Here’s the part that makes me a conflicted hypocrite. I don’t want to hurt the guy who runs the Shell station. It’s not his fault that his corporate overlords are inhuman greed-monkeys. Boycotting his store will not only hurt Shell, or whoever actually owns this chain (I haven’t done my research). It won’t only hurt the 1%. It’ll hurt some of the 99% too. I went through the same internal conflict with BP a few years ago when they, along with the always-helpful-and-chocked-full-of-love folks at Haliburton, coated the Gulf of Mexico with yummy tar balls, creating the worst environmental disaster since the meteor strike that killed the dinosaurs. Ironic, no? There’s an amazing, fundamentally decent, Christian-in-the-real-way, man who runs the full-service (you heard me right) former-BP station at the corner of Baxter and Alps. His name is Charles and he’s the most honest mechanic I’ve ever met. I wanted to boycott BP, but I didn’t want to hurt Charles, so I decided that the only BP I would frequent was his shop. Fortunately, or maybe unfortunately, for aspiring high-information, progressive activists, BP learned the World Com lesson the hard way and either sold their U.S. stores to, or merged with, a gas station with the most patriotic American name they could think of, 76. So, now I have no internal conflict when I see Charles, but I do have a little under-the-surface doubt. I like and respect Charles. I want to give him my business. He’s a really good man. But I can’t shake the feeling that I’m somehow lining the pockets of British oilmen.

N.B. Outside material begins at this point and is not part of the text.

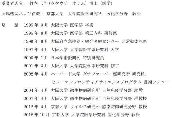 ○竹内 理氏 京都大学 大学院医学研究科 医化学分野 教授
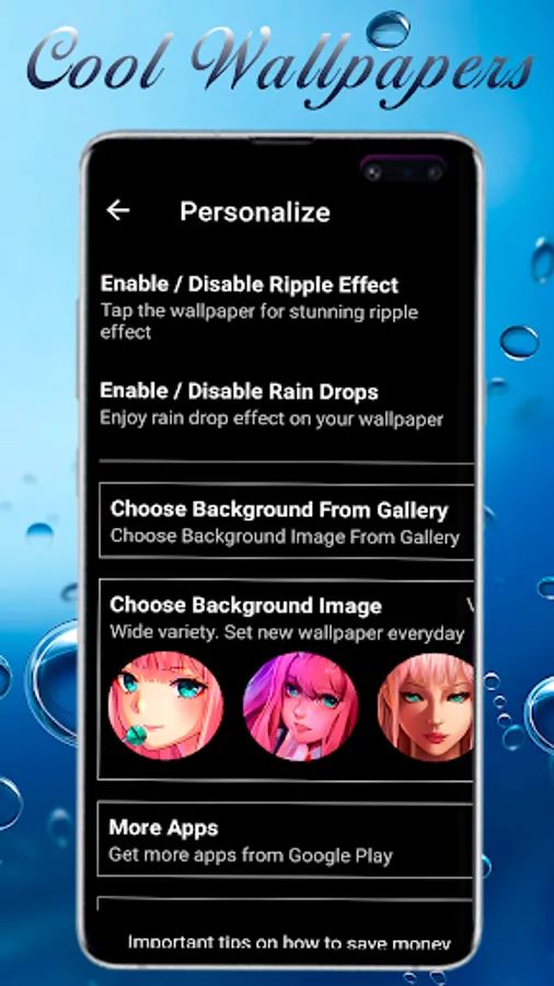 Now, if you need to change your style, you can just find a great example of cute, cool or kawaii girly, anime, teen, kpop, dope amd glitter 4K LIVE WALLPAPERS WITH WATER RIPPLE EFFECT here! You can customize this application very easily, without wasting battery charge and memory space!

I’ve drifted off-topic a little. This boycott is about screens.

I’m sick of the proliferation of screens. They’re fucking everywhere. You can’t avoid them. Even if you don’t own a cell phone, don’t work on a computer, and only leave your tranquil, Luddite home once a week to buy groceries, you still can’t avoid screens. They’ve multiplied. They’ve infested our grocery check-out lines. They’ve invaded our cars, our schools, and are rapidly conquering our billboards (which already sucked, so, of course, the happy bastards at Clear Channel found a way to make them suck even more by quadrupling them and adding just a dash of politics). I will concede the fact that training our children on the tools they’re sure to encounter once they grow up and enter the adult workforce does make some sense, but that doesn’t make up for the dehumanizing effects on all of us. That doesn’t make them a necessary part of the gas-pumping experience.

BOYCOTT SHELL.

It’s not as if there aren’t plenty of other options for gas.

OR, IF YOU AGREE WITH ME, BUT ONLY ON THE SCREEN PART, AT LEAST BOYCOTT SHELL UNTIL THEY GET RID OF THE SCREEN OR ADD AN OFF BUTTON.

P.S. I recently discovered another reason to boycott Shell gas stations. This one’s about the Golden Pantry, the outfit partnered with Shell to sell us bad coffee, sugary nonsense in wacky shapes and tobacco products. The Golden Pantry’s shine lost a little of its luster awhile back when they got busted for selling 12-year-olds cigarettes. Now, not only do they ask you for your ID when you want to buy lottery tickets, tobacco or booze, but they feel the need to scan the barcode on the back of your drivers license into their system. I don’t want a freaking record of the crap I buy at convenience stores to exist anywhere. I don’t even want it to exist inside my own memory, but I can’t blame The Golden Pantry for my stupidity…only their own.